All the while, we have this sub-plot of Love Island.
Love Island comes under scrutiny, as a past contestant (is that the right word? Is it a competition? Honestly, I’ve never seen it, and I’m somewhat out of my depth talking about it…) comes forward to accuse another contestant of having non-consensually kissed her on television. By extension, Love Island has gone ‘totally toxic’, and requires a re-branding. Expressions like ‘toxic’ and ‘on the wrong side of history’ crop up a lot in the first half of the book, and really cement the idea that we’re reading a contemporary satire. Sadly, this is exactly the kind of stuff that starts to peter out as the author brings his various plot points together into one narrative, and doubles-down on the police procedural.
So, Love Island re-brands as Rainbow Island, and brings in contestants of all different colours and creeds; all sexualities and identities, all trans- and nons- and everything they can think of. And the show proves an overnight success. But, they very quickly realise there’s no sexual tension… there’s no kissing, there’s no sex, there’s no betrayal… no one is ‘coupling’ and they’re all getting on perfectly fine. Sure, it’s not ‘toxic’, but it’s not anything. It’s just… boring.
So they decide to ramp up the tension by turning the non-straight non-binary nons- against the heterosexual white couple. So now the show is a breeding ground for divisiveness and conflict, dancing tentatively on the line between ‘entertainment’ and ‘bullying’. It all plays into the hands of the people who’re terrified the world is being taken over by non-straight non-binary nons-, and that the heterosexuals are going to be slaves to masters flying a rainbow flag. The ‘fake news’ machine spins them into a fury, and furthers the division in the country. It’s only in writing this now that I come to appreciate how great a job the author did in writing this book. It’s all connected.

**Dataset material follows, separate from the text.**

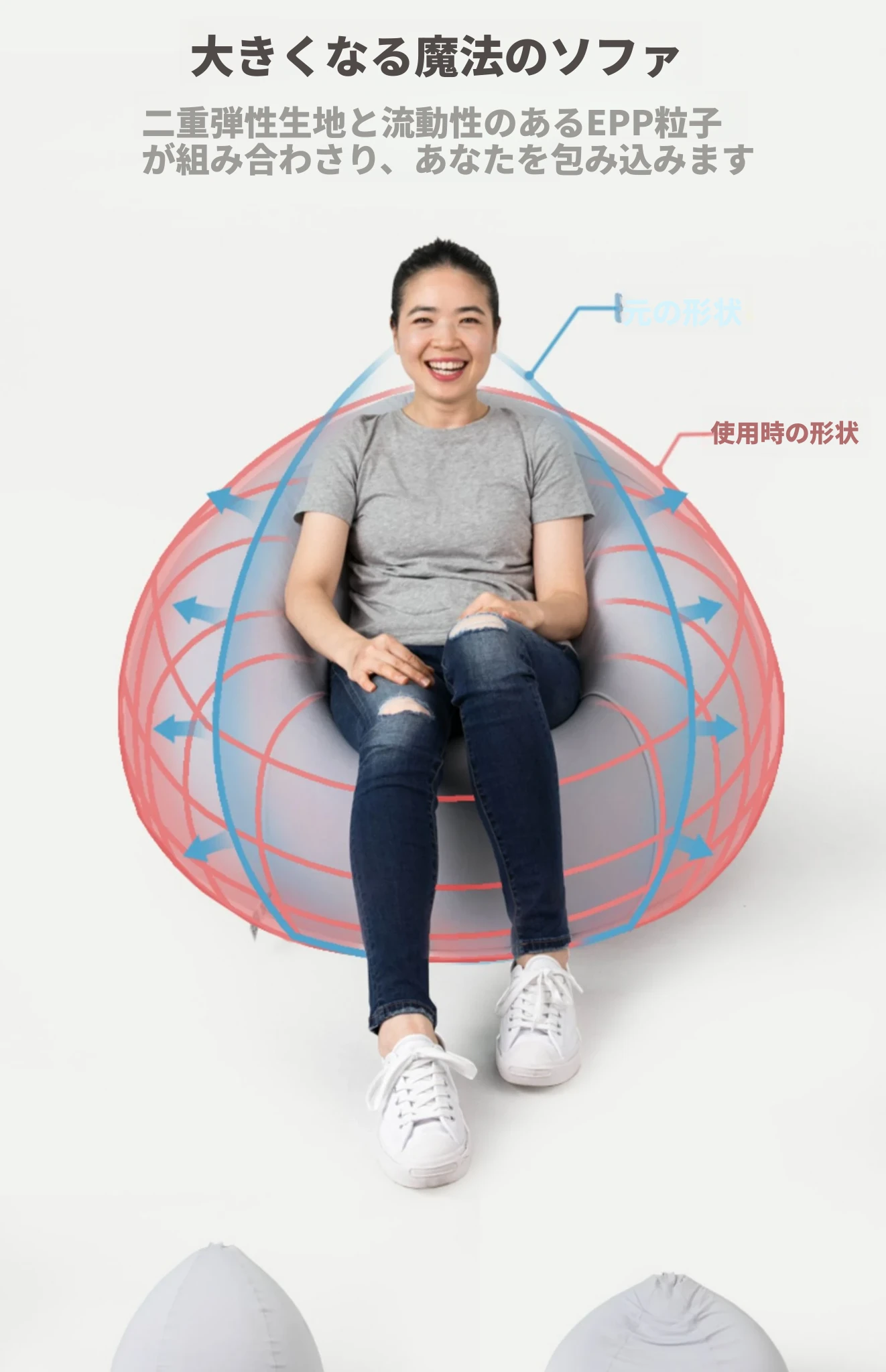 ohwo ラクラクソファ 豆袋型 シングル ライクラ弾力性 人気の小型ハウス用 タタミスタイル 簡易リラックスソファ 快適さ抜群!
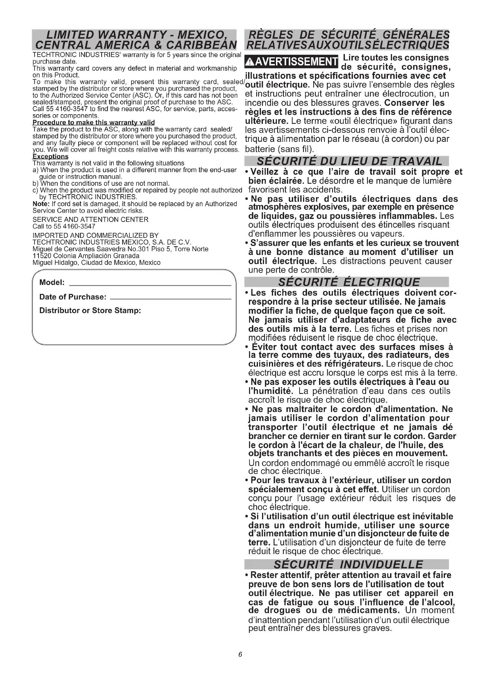 TECHTRONIC INDUSTRIES' garantit le produit pendant 5 ans à partir de la date d’achat d’origine. Le présent bon de garantie couvre tous les vices de matériau et de fabrication que peut acher ce produit. Pour assurer la validité de la présente garantie, veuillez présenter ce bon de garantie, estampillé du sceau du distributeur ou du magasin où le produit a été acheté, au centre de réparations agréé. Si le bon de garantie n’a pas été estampillé, veuillez fournir la preuve d’achat d’origine au centre de réparations agréé. Pour un entretien des pièces, des accessoires ou des composants, composer 55 4160-3547 an d’obtenir les coordonnées du centre de réparations agréé le plus près. Procédure pour assurer la validité de la garantie Présenter le produit au centre de réparations agréé, accompagné du bon de garantie estampillé du sceau du distributeur ou du magasin où le produit a été acheté. Toute pièce défectueuse ou tout composant défectueux sera remplacé(e) sans frais. Milwaukee assume tous les frais de transport liés à ce processus de garantie. Exceptions Cette garantie ne s’applique pas dans les situations suivantes : a) Si le produit a été utilisé pour une n autre que celle indiquée dans le guide de l’utilisateur nal ou le manuel d’instructions. b) Si les conditions d’utilisations ne sont pas habituelles. c) Si le produit a été modié ou réparé par une personne non autorisée par TECHTRONIC INDUSTRIES. Remarque : Si le cordon électrique est endommagé, il doit être remplacé par un centre de réparations agréé pour éviter les risques d’électrocution. CENTRE DE RÉPARATIONS ET DE SERVICE Composer le 55 4160-3547

In the end though, the things that made the book a standout in modern fiction (and indeed, modern satire) are almost entirely found within the first half of the story – the second half, as I’ve said, sort of just becomes a police story. They rush to catch the killer, who’s knocking off people who were present in each seemingly separate story line. Detective Matlock has a hunch, his subordinates think he’s mad. He’s right, they catch the killer, and by God don’t ya know it was the Russians all along…
The ending was… fine. It was alright. It didn’t make me mad, and it didn’t make me feel like I’d wasted my time; but it did feel like it was lacking the wallop I’d been waiting for.
The book is outstanding though. Honestly, it’s a masterful reflection of our world as we know it. There’s Brexit, there’s Johnson and Gove and Rees-Mogg, there’s Yew Tree, there’s MeToo and there’s Love Island; isn’t that just the most 2010s book you’ve ever heard of? What a way to end the decade. It’s all here.